• Sonuç bulunamadı

I. BÖLÜM

2.4. Seyyahların Kaleminden Türk Toplumu

2.4.1. Eski Türklerde Toplumsal Yaşam

Orta Asya’da birçok Türk devleti kurulmuştur. Bu devletlerin kendine has örf ve adetleri, ekonomik yaşamları, devlet düzenleri ve kültürel faaliyetlerini sergiledikleri bir toplum düzenleri vardır. Bu konulara ilişkin bilgilerin elde edildiği birinci elden kaynaklardan seyahatnameler bulunmaktadır. Seyahatnamelerden bu ilk dönemlere ilişkin bilgiler elde edilebilir. Türk toplumunun yaşadığı tarihsel süreci izlemenin en önemli noktası, kültürel değişimleri izlemek ve anlamaya çalışmaktır. Bu açıdan seyahatnamelerden bu yönde faydalanabiliriz.

İslamiyet’ten önceki Türk toplumunun yaşantısı hakkında bilgiler elde edebileceğimiz yazılı kaynaklardan olan seyahatnameleri üç kısımda ele almak mümkündür:

 Çinli Seyyahların Aktardığı Bilgiler: Chang Ch’ien, Kan Ying, Fa Hisen, Sung Yung, Tu Huai, Wang Yen-te, Wu-ku-sun, Ch’ang Te gibi çok sayıda seyyahın Türk devletlerindeki yaşantılara şahitlik ederek aktardığı bilgilerin yer aldığı seyahat anlatılarıdır.

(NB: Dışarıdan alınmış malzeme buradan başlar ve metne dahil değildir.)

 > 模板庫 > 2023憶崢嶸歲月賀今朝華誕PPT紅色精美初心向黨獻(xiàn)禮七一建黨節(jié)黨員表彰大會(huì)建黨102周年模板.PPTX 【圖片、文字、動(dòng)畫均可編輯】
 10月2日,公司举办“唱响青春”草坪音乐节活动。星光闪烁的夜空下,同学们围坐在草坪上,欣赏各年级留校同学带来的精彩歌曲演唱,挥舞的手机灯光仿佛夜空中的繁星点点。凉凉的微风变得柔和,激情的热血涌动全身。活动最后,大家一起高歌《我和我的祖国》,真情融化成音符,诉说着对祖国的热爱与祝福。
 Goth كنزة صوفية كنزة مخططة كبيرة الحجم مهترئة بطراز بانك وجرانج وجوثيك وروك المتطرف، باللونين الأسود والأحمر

 Bizans Seyyahlarının Aktardığı Bilgiler: Avrupa Hunlarına giden Priskos (5.yy), Göktürklere giden Zemarkhos ve Valentinus (6. yy) bu seyyahlardandır.

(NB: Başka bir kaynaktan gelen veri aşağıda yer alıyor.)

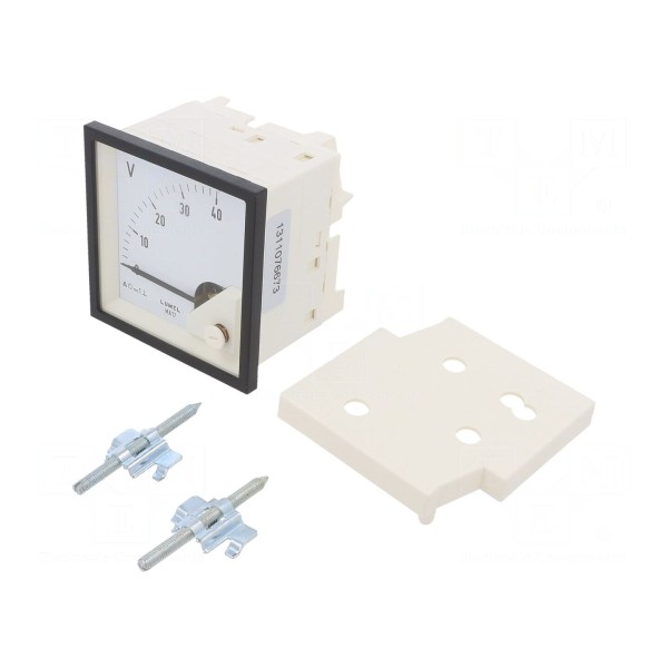 Woltomierz analogowy przeznaczony do montażu panelowego, służący do monitorowania napięcia stałego w zakresie od 0 do 40V. Urządzenie charakteryzuje się klasą dokładności 1,5 oraz dopuszczalnym napięciem maksymalnym do 0,6kV. Konstrukcja zapewnia stopień ochrony IP52, co ogranicza dostęp do elementów pod napięciem i chroni wnętrze przed pyłem oraz wilgocią.
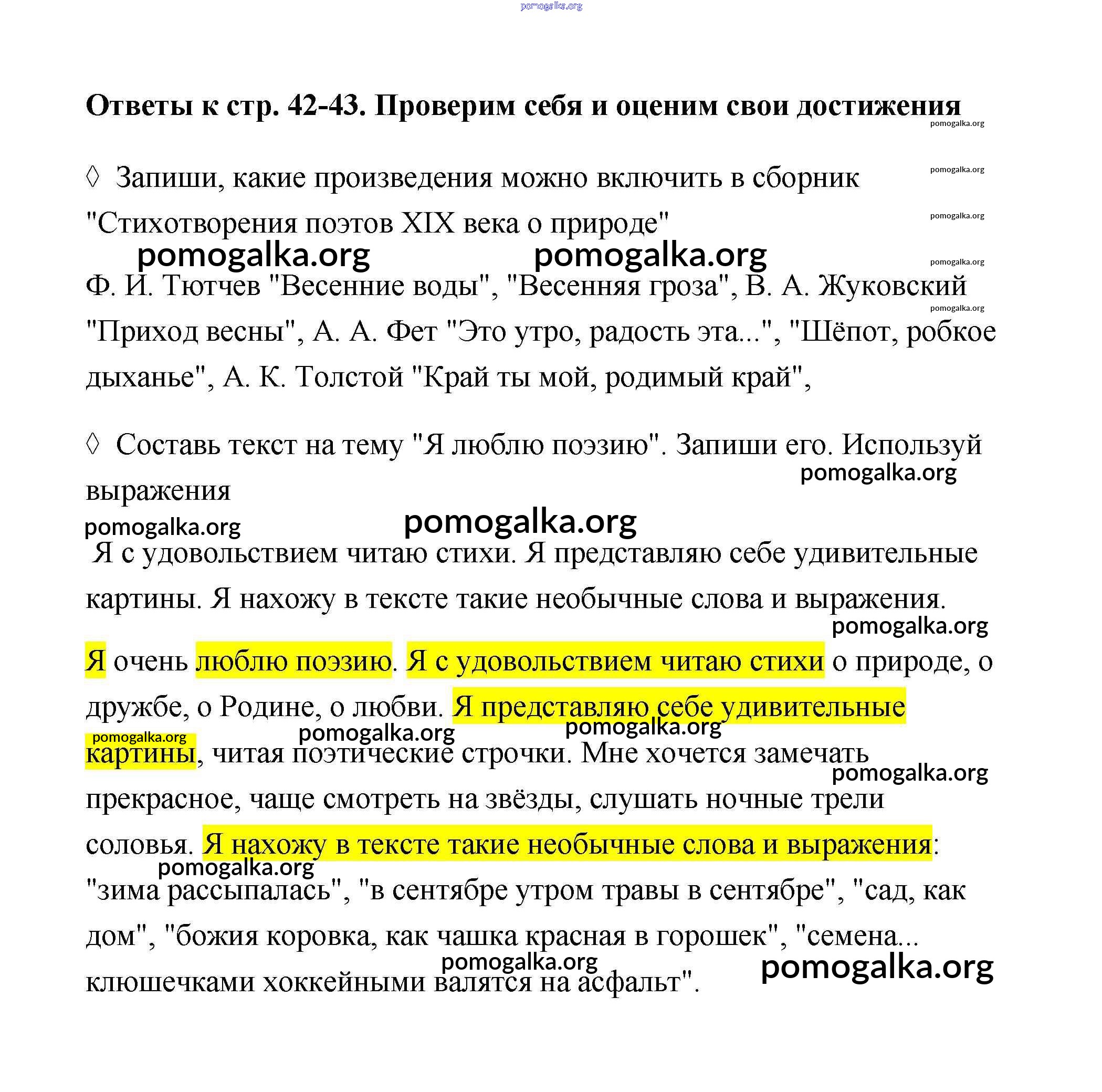 Готовые ответы - Литературное чтение 4 класс рабочая тетрадь Бойкина М.В. - страница 42-43
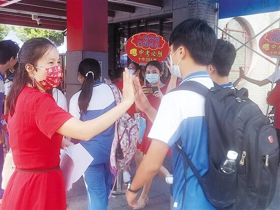 除了家长,老师们也早早守候在各考点外。在佛山市第三中学门口,老师们身穿红色的助威服,戴着写有“中考加油”的红口罩和前来考试的考生们一一击掌。记者还了解到,在考生出发前,不少学校除了准备各式加油标语,还搭建起了寓意高中的“状元门”,甚至有学校请来了舞狮队。
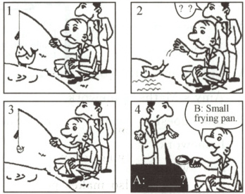 5. C 考查看图理解。根据漫画可知,钓鱼人一开始钓了条大鱼,他却把这条大鱼扔了,又钓了条小鱼。另一名男子看到后问了一句话,钓鱼人回答“煎锅小”。这里男子对钓鱼人舍弃大鱼留下小鱼的这一情况表示疑惑,应该是询问原因。
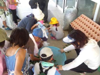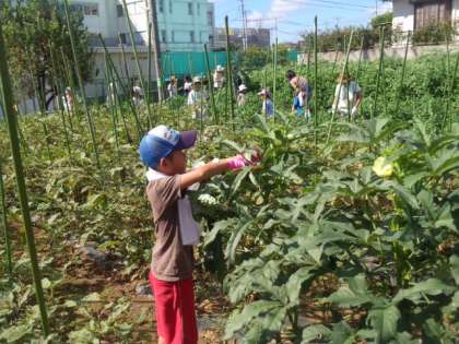今日は、収穫の日でした。モロヘイヤがたくさん収穫できました。(8月22日)
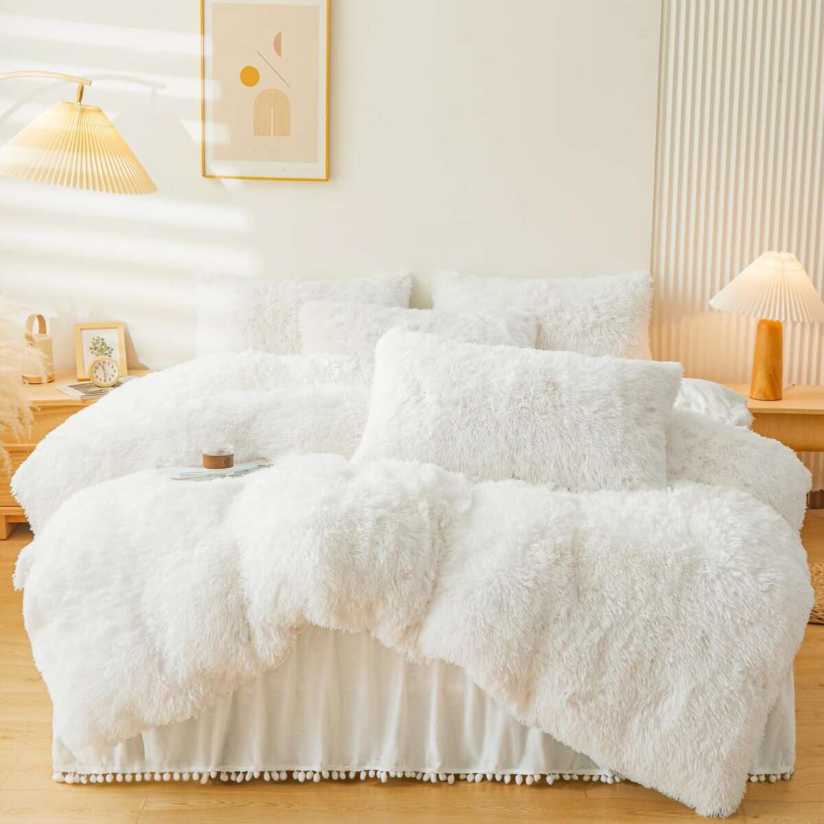 ERLOXO Juego de Funda de Edredón Blanco Peluda tamaño King

Hıristiyan dünyasından Rubruk (13.yy), Marco Polo (13.yy), J. Schiltberger (14.yy), Clavijo (15.yy) ve A. Vambery (19.yy) Asya’ya giden seyyahlardandır.

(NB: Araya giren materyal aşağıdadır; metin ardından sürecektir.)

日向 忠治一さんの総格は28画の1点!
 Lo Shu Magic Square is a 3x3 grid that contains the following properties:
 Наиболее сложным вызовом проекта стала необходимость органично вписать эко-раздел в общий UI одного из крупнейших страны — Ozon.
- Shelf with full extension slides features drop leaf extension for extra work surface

 Müslüman Seyyahların Anlatımları: El Cahiz (9.yy), İbni Hurdadbih (9.yy), Yakubi (9.yy), İbni Fadlan (10.yy), Hemedani (10.yy), İbni Havkal (10.yy), Biruni (11.yy), İdrisi (12.yy), Kazvini (13.yy) gibi çok sayıda Müslüman seyyah Türk illerine yaptığı seyahatlerde bilgiler aktarmaktadır (Donuk, 2013: 23-25).

İbni Fadlan eserinde Oğuz Türkleri hakkında şunları anlatmaktadır:

“Bu dağı geçtikten sonra Oğuzlar denen Türk kabilesinin yanına vardık. Bunlar göçebeydiler. Kıl çadırlarda konup göçüyorlardı. Göçebelerde olduğu gibi yer yer grup halinde çadırları vardı.” (Şeşen, 2010: 10).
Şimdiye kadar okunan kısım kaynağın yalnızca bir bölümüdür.